Public bus service by the Government of Sindh

Peoples Bus Service, formally known as the Sindh Intra-District Peoples Bus Service Project is a public bus service by the Government of Sindh operating in Karachi, Hyderabad, Sukkur, Larkana, Mirpurkhas, and Nawabshah.

== History ==
It was inaugurated on 27 June 2022. The buses will operate from 8 A.M to 8 P.M. Fares for the transportation are between PKR 50–100, due to ongoing inflation a change to fares were proposed however were rejected.

=== Development ===
240 buses ran on seven different routes in Karachi. In the first phase, the bus ran from the confluence of Model Colony and Tank Chowk at Malir Cantt to Shahrah-e-Faisal, Metropole and II Chundrigar Road Tower.

In January 2023, the government of Sindh announced the Pink-bus, a modification of the bus service which was aimed to be women-only. Electric-buses are also proposed for the Bus Service however as of now they will be operational in Karachi.

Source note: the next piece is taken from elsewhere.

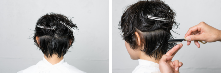 ネープをブロッキング。前下がりラインになるように、センターをやや上げるイメージで縦に引き出し、角を削るようにレザーカット。
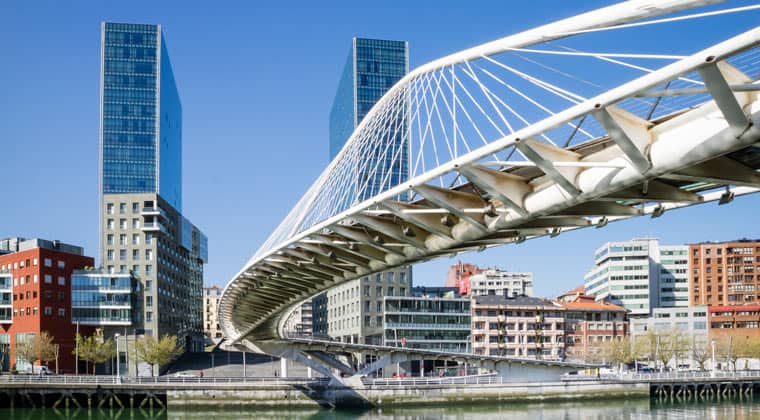 Ein weiteres architektonisches Meisterwerk ist die zwischen 1994 und 1997 erbaute Fußgängerbrücke Zubizuri. In der baskischen Sprache bedeutet das „weiße Brücke“ und sie gilt als schönste Brücke der Stadt. Sie ist ein Werk des spanischen Architekten Santiago Calatrava und begeistert nicht nur durch die Originalität ihrer Struktur. Die geschwungene Form, der weiße Anstrich und der 14 Meter hohe gespannte Bogen machen die Brücke zu einem beliebten Fotomotiv. Von weitem betrachtet scheint die Brücke sogar über dem Fluss Nervión zu schweben. Ihr findet sie nicht weit vom Guggenheim-Museum entfernt und könnt sie für den Weg in die Altstadt oder zur Standseilbahn Artxanda überqueren.

Currently there is an expansion programme announced by the government to add additional 60 buses. and to improve availability a mobile application is planned.

== Routes ==

=== Karachi ===

Active routes of PBS in Karachi as of April 2023

As of April 2023, eleven routes have been outlined for the bus service in Karachi.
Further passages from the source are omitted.